The bank’s 9MCY24 revenue reached PKR 110 billion, indicating a 13% YoY growth from the PKR 97.16 billion reported in the previous year.
During 9MCY24, NII increased by 11% YoY to PKR 90.16 billion, while non-markup income rose by 23% YoY to PKR 19.84 billion due to a 31% increase in fee & commission income, gain on securities (PKR 1.35 billion), primarily due to investment in Eurobnds, and other income (PKR 672.22 million). ABL operates 1,352 branches across Pakistan, including 140 Islamic and 14 digital branches.
The management aims to expand its Islamic branch network by opening and reaching 150 branches by the end of CY24. Total assets of the bank increased by 13% YoY to PKR 2,624 billion as of June 30, 2024. Cash, bank balances, and lending to financial institutions grew by 11% to PKR 186 billion, significantly higher than the industry’s decline of 7%. Investments saw a 16% increase to PKR 1,333 billion, compared to the industry’s 21% growth.
However, advances increased by 8% to PKR 848 billion, against the industry’s decline of 2% in 1HCY24. Total deposits increased by 15% YoY to PKR 1,924 billion, aligning with industry growth, with CASA standing at 82% in 9MCY24. Total equity grew by 18% YoY to PKR 230 billion, up from PKR 194 billion as of December 31, 2023. The CAR improved to 32.43% as of September 30, 2024, compared to 26.21% in CY23. Conversely, total liabilities increased by 12% YoY, reaching PKR 2,394 billion in 9MCY24.
The ROA and ROE were recorded at 1.50% (down from 1.78% in CY23) and 29% (compared to 29.40% in CY22), respectively. ABL’s gross ADR increased to 44.72% in 9MCY24, higher than the industry average.

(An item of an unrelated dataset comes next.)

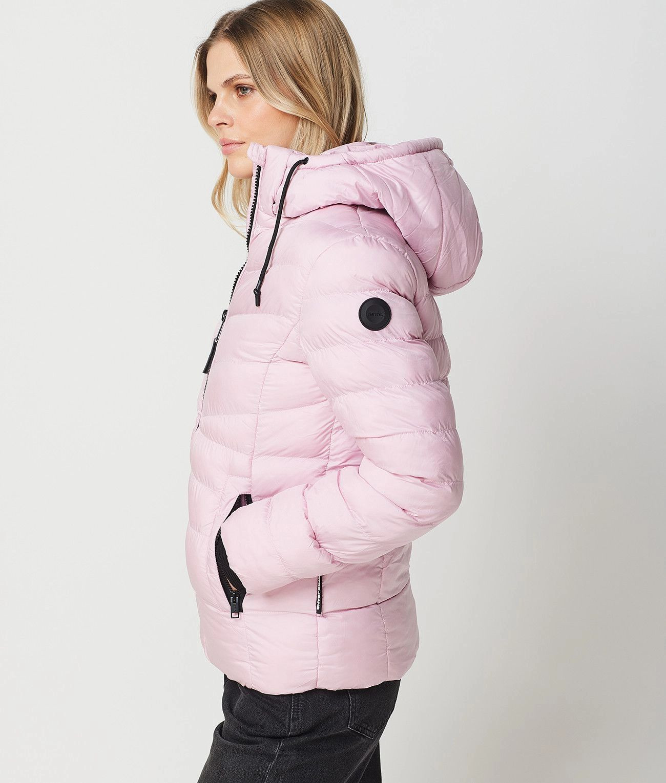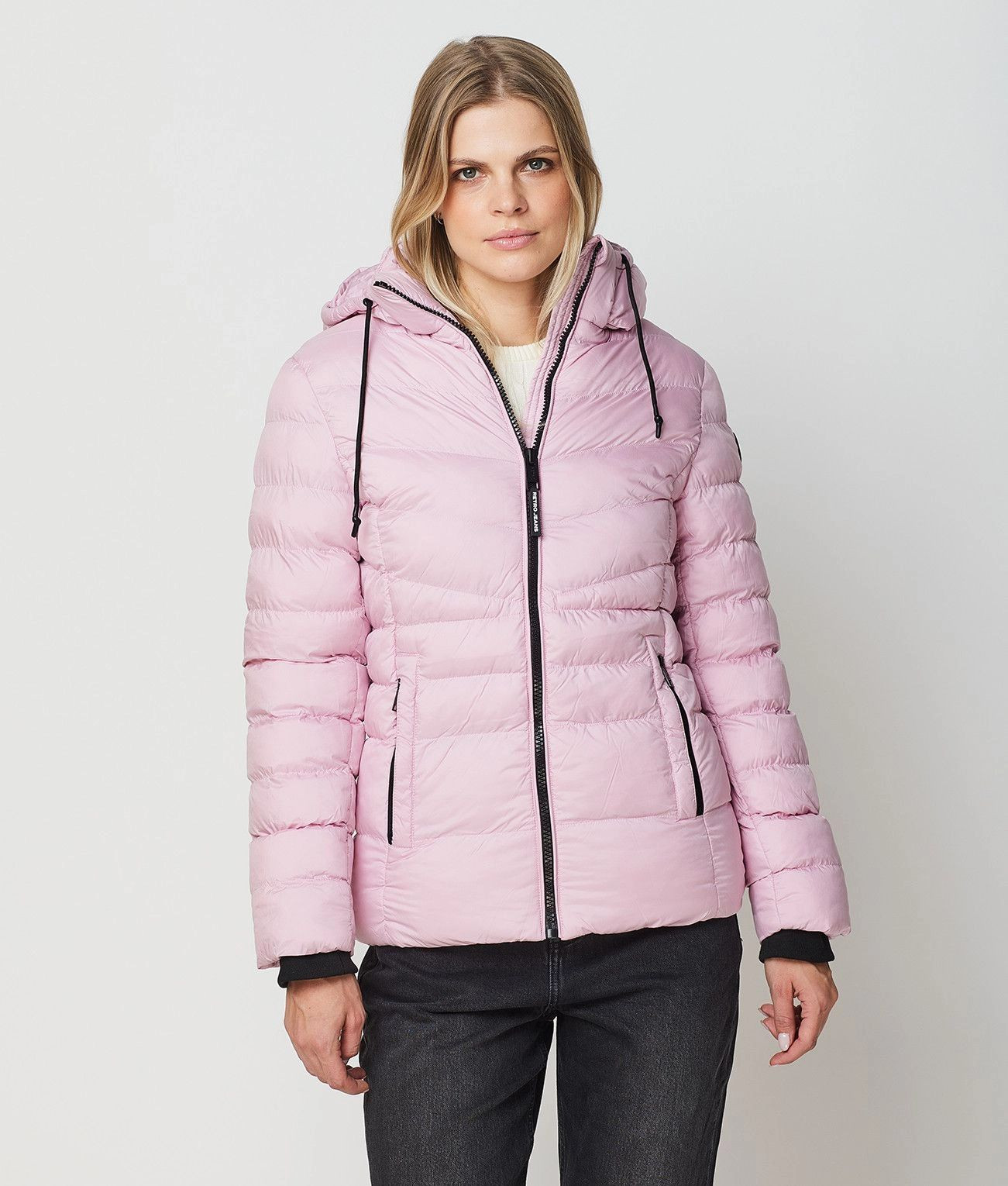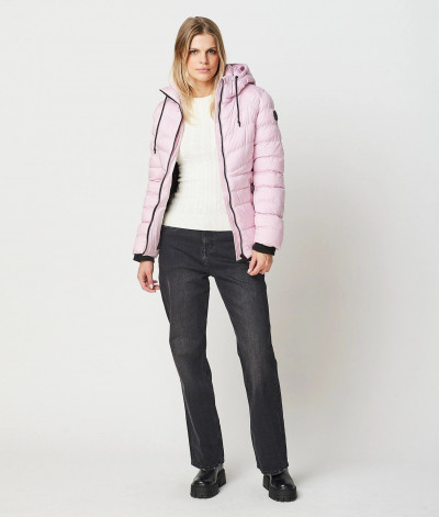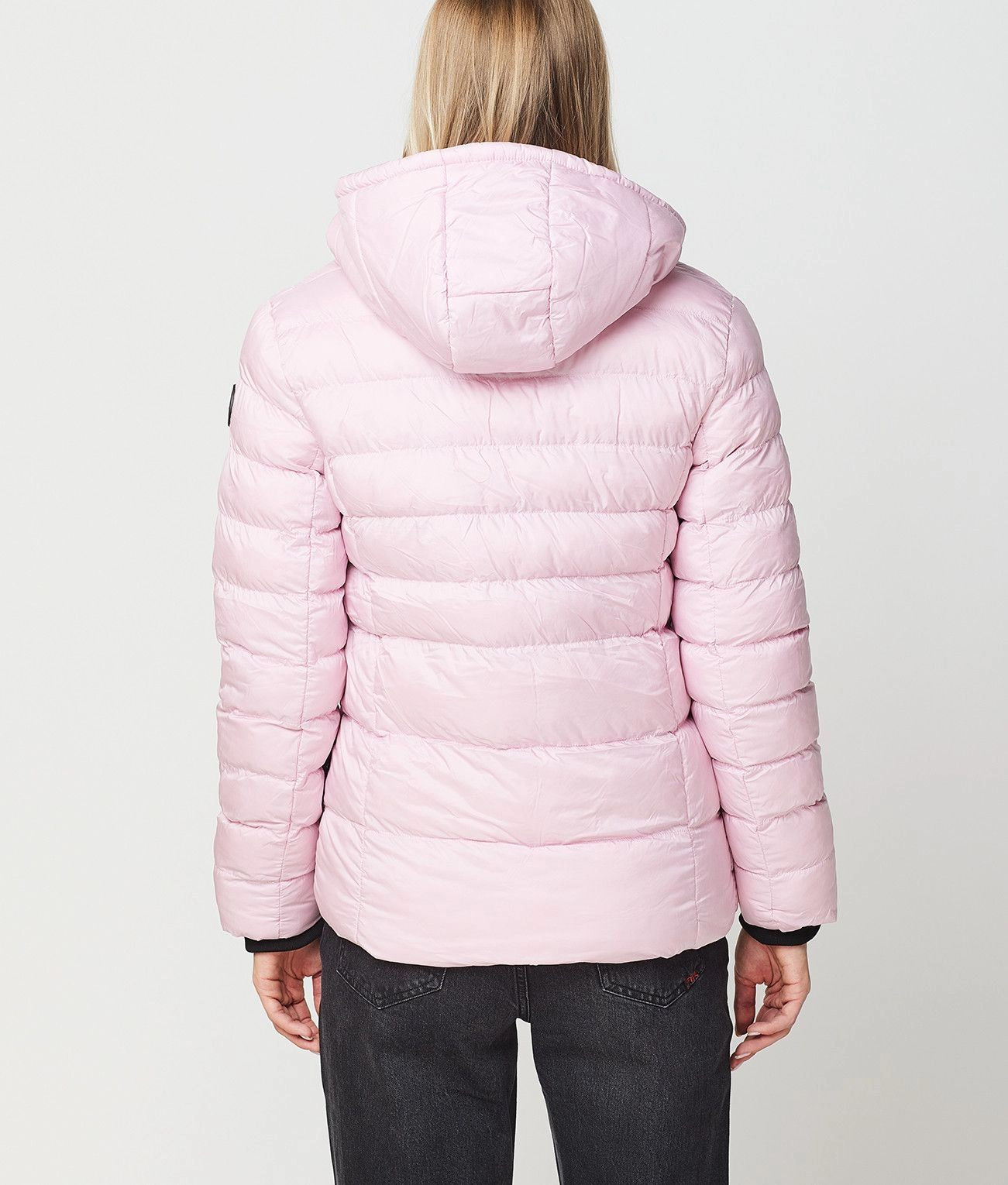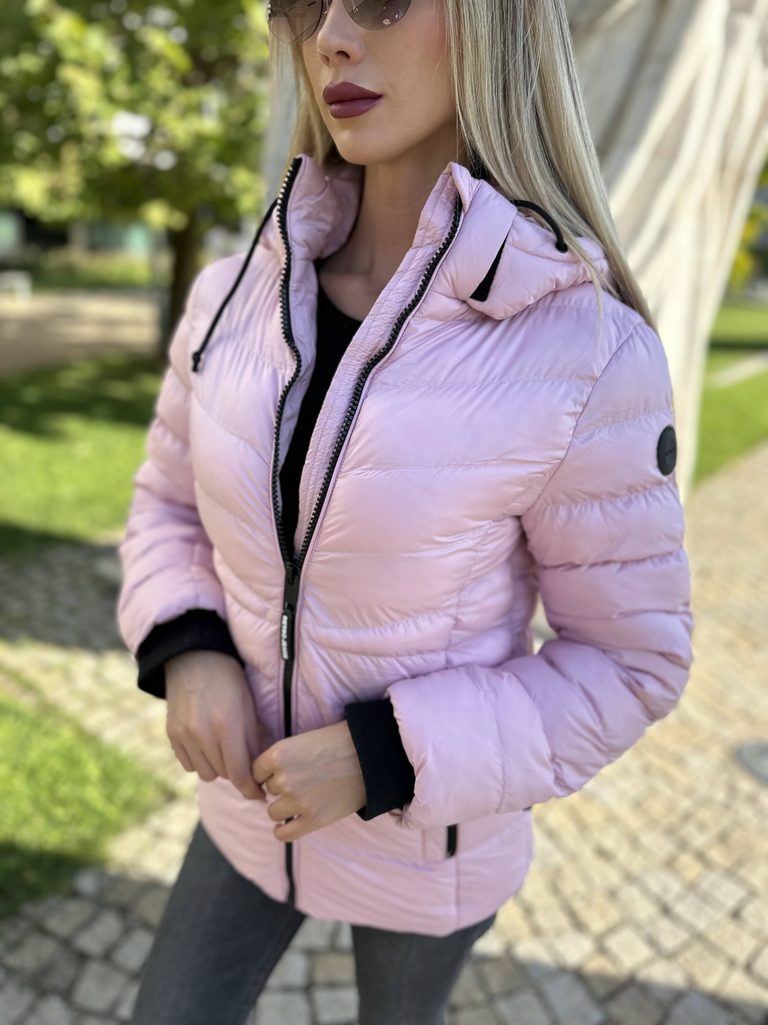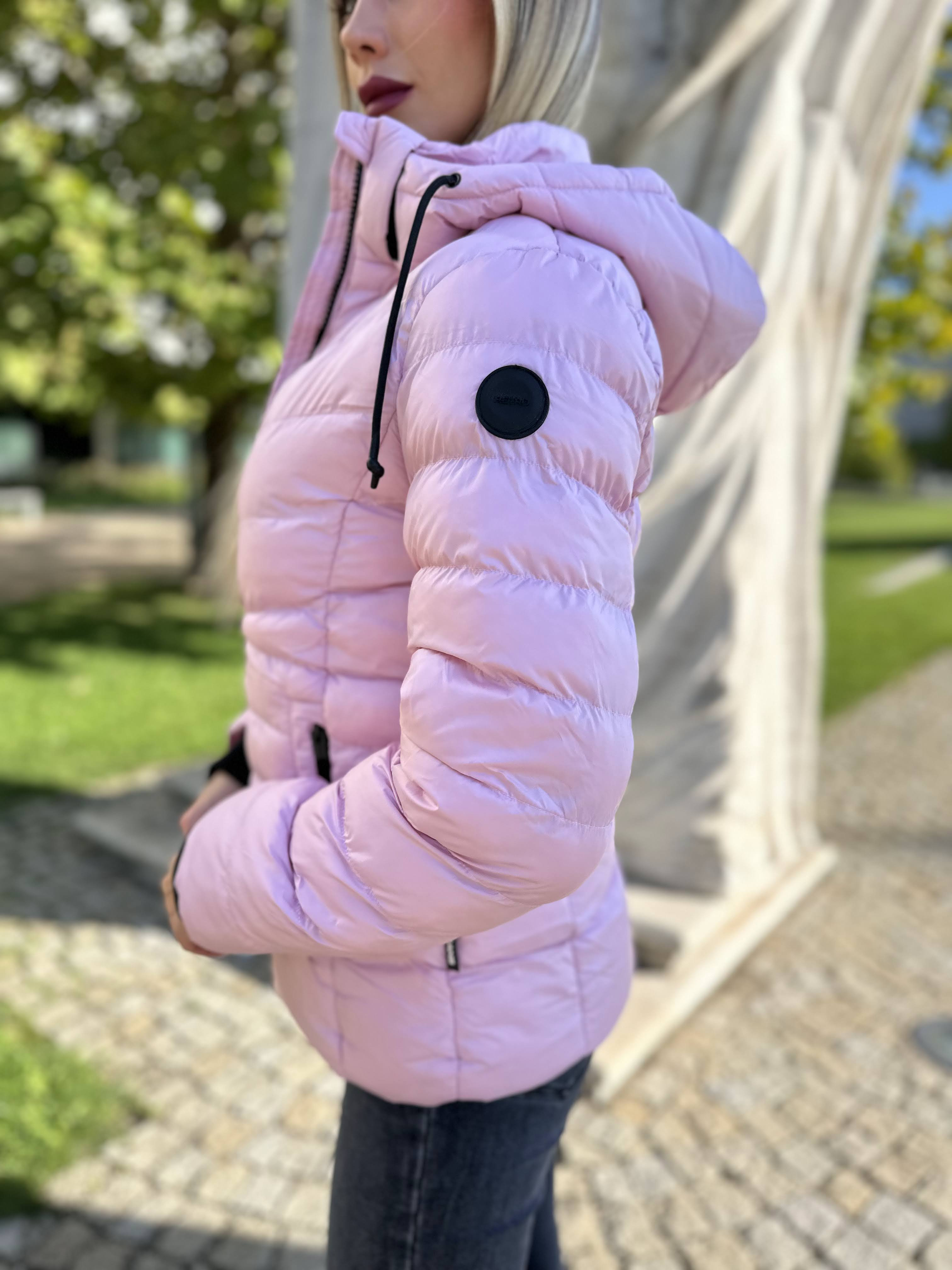 RetroJeans női steppelt dzseki, rózsaszín színben, lezipzárolható, összehúzható kapucnival, zipzáras záródással, zipzáras oldalzsebekkel, oldalán és cipzárján márkajelzéssel.

Management aims to achieve a 50% ADR target by the end of CY24. The deposit composition of ABL is made up of 37% current deposits, 45% saving deposits, and 18% term deposits, giving the bank a 6% market share in deposits. Non-performing loans (NPLs) are reported at PKR 12.9 billion, reflecting a 1% YoY decline, with an NPL ratio of 1.50%. Specific NPL coverage stands at 93.9%, while overall NPL coverage is at 107.29%.
The key lending sectors include non-financial public sector enterprises, NBFIs, government, textiles, information & communication, and non-metallic minerals.
Management attributed the recent trend of provision reversals to the sale of Eurobonds. In 9MCY24, the investment portfolio comprises 81% in PIBs (with fixed PIBs under 10%), 12% in T-Bills, 1% in listed and unlisted shares, and 6% in other investments. Investment in PIBs rose by 6%, while investments in subsidiaries surged 200%. T-Bill investments increased by 161%, but listed and unlisted shares fell by 22%. Investments in fixed TFCs, bonds, and Sukuks declined by 5%. ABL’s app has registered 2 million users, with 3.4 million cards in circulation. Digital transactions now represent 83% of total transactions, supported by 23 digital touchpoints. Going forward, management anticipates improving current account deposits, with an expected deposit growth of 10-12% in CY24. However, ABL expects the trend of provision reversals to continue through CY24 and into the next year.
Additionally, ABL foresees pressure on margins due to an anticipated drop in interest rates, with a projected decline of 100-150 bps, reaching 13.5% by the end of CY24 and 11% by June 2025. Furthermore, management aims to achieve low-cost deposits moving forward. Current deposits are aimed to increase by 15-20%, focusing on sticky deposits. Management expects the advances to increase slightly, primarily for working capital requirements and auto finance.